Exercise brief — An exact copy is needed of the lines in the entries below from the line with "- Zestaw kilkudziesięciu" up to and including the line with "KK Repetierer von", and of nothing else. Leave the pictures out.
***** Available data
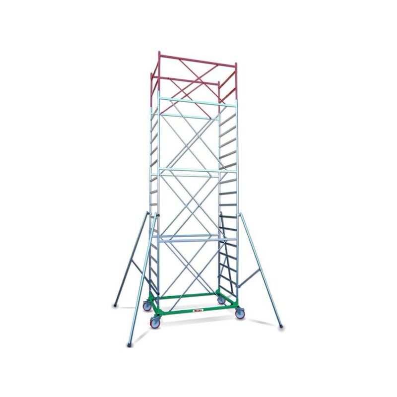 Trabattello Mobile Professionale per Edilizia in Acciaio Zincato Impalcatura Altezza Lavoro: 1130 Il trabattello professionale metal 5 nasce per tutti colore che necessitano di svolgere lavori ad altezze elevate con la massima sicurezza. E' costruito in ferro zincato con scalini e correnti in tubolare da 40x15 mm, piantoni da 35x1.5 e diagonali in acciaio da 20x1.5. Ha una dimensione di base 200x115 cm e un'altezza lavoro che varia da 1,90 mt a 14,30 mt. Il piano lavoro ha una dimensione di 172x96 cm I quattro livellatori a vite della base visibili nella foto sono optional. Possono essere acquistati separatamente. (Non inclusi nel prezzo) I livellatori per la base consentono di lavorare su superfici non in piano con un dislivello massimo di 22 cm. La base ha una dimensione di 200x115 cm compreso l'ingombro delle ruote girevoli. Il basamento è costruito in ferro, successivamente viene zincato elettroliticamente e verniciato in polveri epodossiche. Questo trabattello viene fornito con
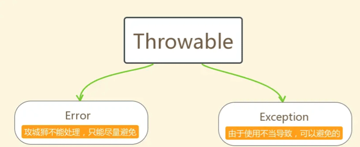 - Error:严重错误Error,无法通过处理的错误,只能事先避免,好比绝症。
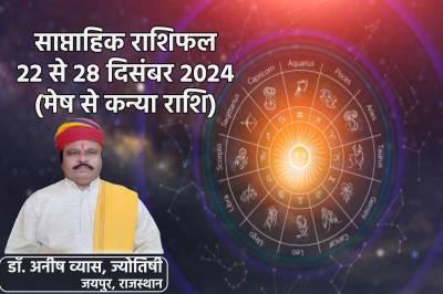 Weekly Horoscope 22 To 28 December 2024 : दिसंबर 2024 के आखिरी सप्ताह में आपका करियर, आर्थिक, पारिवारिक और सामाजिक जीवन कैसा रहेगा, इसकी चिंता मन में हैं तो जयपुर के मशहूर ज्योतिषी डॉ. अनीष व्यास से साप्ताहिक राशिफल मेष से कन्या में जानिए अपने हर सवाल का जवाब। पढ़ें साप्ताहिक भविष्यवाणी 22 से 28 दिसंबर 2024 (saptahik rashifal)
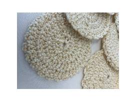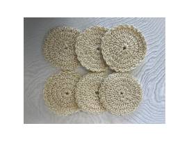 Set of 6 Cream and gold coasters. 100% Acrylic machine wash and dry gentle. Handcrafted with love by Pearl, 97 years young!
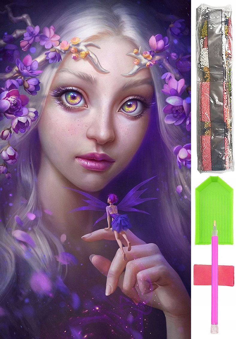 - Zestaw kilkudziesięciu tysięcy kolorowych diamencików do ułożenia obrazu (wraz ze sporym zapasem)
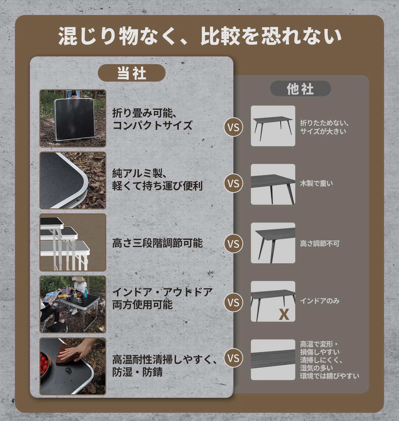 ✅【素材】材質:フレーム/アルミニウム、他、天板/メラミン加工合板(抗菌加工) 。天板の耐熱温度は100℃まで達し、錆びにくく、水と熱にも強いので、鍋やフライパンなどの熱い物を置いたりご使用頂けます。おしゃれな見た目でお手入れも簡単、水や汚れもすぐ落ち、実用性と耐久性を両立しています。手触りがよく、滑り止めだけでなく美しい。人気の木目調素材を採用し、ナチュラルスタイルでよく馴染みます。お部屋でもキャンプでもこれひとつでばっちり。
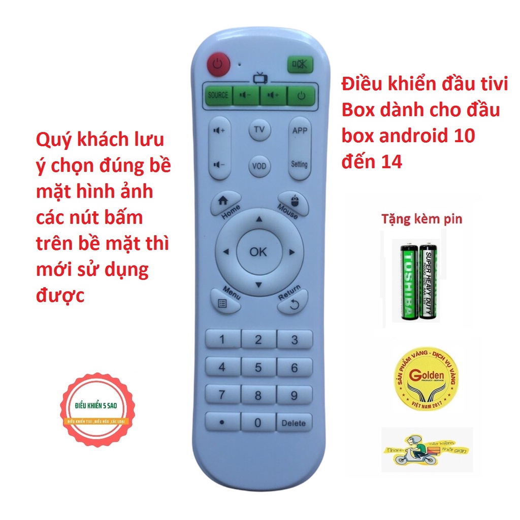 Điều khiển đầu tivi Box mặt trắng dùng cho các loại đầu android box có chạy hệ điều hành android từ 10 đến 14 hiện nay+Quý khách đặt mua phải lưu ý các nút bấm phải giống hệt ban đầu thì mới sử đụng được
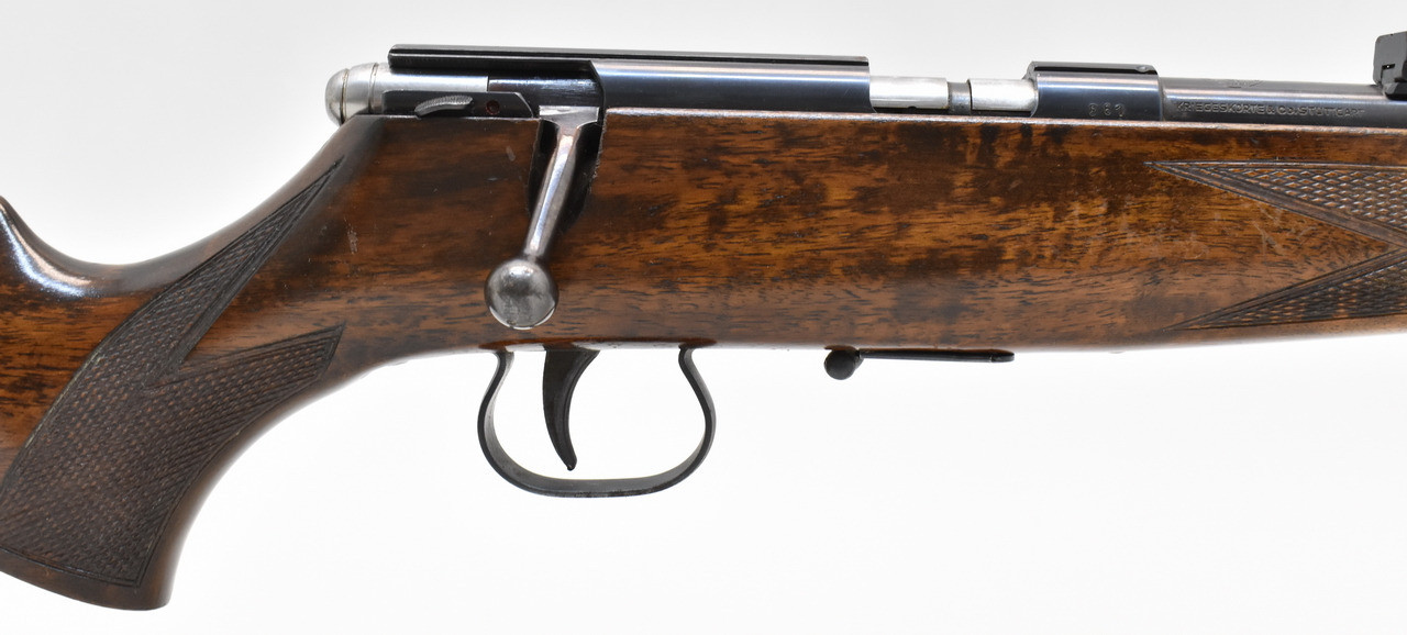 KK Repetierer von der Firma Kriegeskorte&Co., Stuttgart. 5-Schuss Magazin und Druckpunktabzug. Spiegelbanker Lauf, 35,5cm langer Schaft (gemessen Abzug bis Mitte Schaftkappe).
**********
***** Available data
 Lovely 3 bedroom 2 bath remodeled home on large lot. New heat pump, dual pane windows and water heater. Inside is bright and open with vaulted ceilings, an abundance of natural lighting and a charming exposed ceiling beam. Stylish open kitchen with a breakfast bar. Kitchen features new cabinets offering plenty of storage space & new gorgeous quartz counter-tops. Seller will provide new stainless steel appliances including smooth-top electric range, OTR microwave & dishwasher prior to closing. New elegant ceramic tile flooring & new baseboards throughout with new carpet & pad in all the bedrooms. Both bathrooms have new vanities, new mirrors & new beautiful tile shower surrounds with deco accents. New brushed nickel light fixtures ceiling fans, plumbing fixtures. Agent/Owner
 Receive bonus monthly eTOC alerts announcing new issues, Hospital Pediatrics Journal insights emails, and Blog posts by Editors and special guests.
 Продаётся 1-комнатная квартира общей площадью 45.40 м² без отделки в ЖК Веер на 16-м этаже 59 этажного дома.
**********
***** Available data
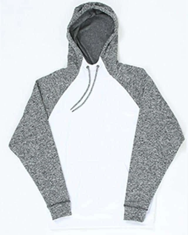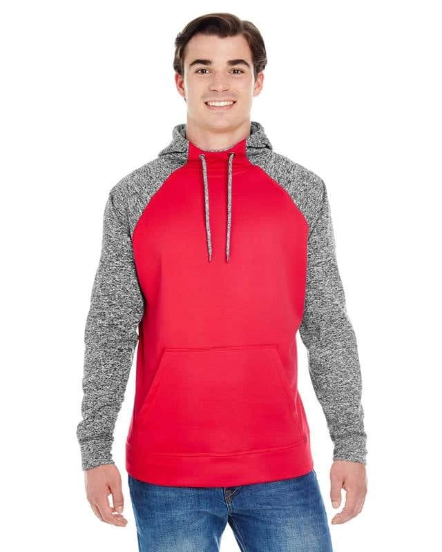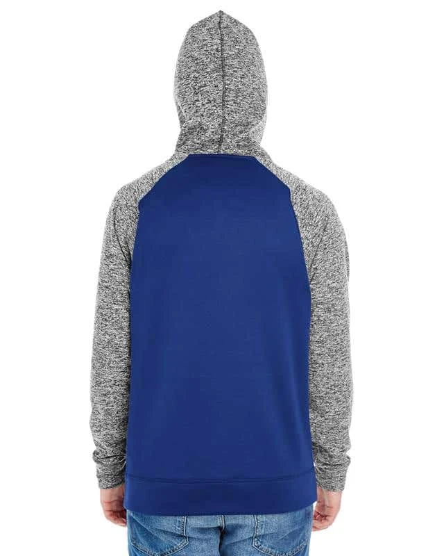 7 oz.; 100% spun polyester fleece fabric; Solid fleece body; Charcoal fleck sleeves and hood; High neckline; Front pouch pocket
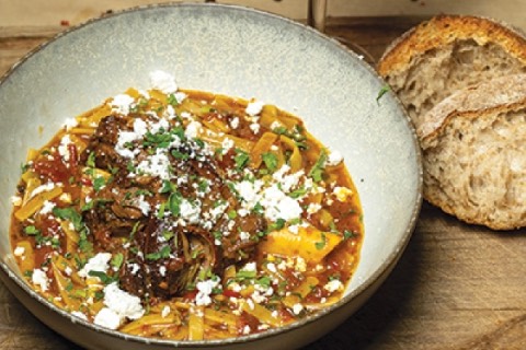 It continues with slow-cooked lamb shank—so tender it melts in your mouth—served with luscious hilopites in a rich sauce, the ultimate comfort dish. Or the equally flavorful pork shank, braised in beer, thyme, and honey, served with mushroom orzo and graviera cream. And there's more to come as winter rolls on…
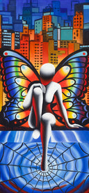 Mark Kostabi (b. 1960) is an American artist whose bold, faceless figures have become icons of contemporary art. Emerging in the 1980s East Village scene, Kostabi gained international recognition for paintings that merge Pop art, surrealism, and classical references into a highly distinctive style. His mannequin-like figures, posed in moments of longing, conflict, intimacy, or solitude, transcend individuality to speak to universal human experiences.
**********
Task response —
 - Zestaw kilkudziesięciu tysięcy kolorowych diamencików do ułożenia obrazu (wraz ze sporym zapasem)
 ✅【素材】材質:フレーム/アルミニウム、他、天板/メラミン加工合板(抗菌加工) 。天板の耐熱温度は100℃まで達し、錆びにくく、水と熱にも強いので、鍋やフライパンなどの熱い物を置いたりご使用頂けます。おしゃれな見た目でお手入れも簡単、水や汚れもすぐ落ち、実用性と耐久性を両立しています。手触りがよく、滑り止めだけでなく美しい。人気の木目調素材を採用し、ナチュラルスタイルでよく馴染みます。お部屋でもキャンプでもこれひとつでばっちり。
 Điều khiển đầu tivi Box mặt trắng dùng cho các loại đầu android box có chạy hệ điều hành android từ 10 đến 14 hiện nay+Quý khách đặt mua phải lưu ý các nút bấm phải giống hệt ban đầu thì mới sử đụng được
 KK Repetierer von der Firma Kriegeskorte&Co., Stuttgart. 5-Schuss Magazin und Druckpunktabzug. Spiegelbanker Lauf, 35,5cm langer Schaft (gemessen Abzug bis Mitte Schaftkappe).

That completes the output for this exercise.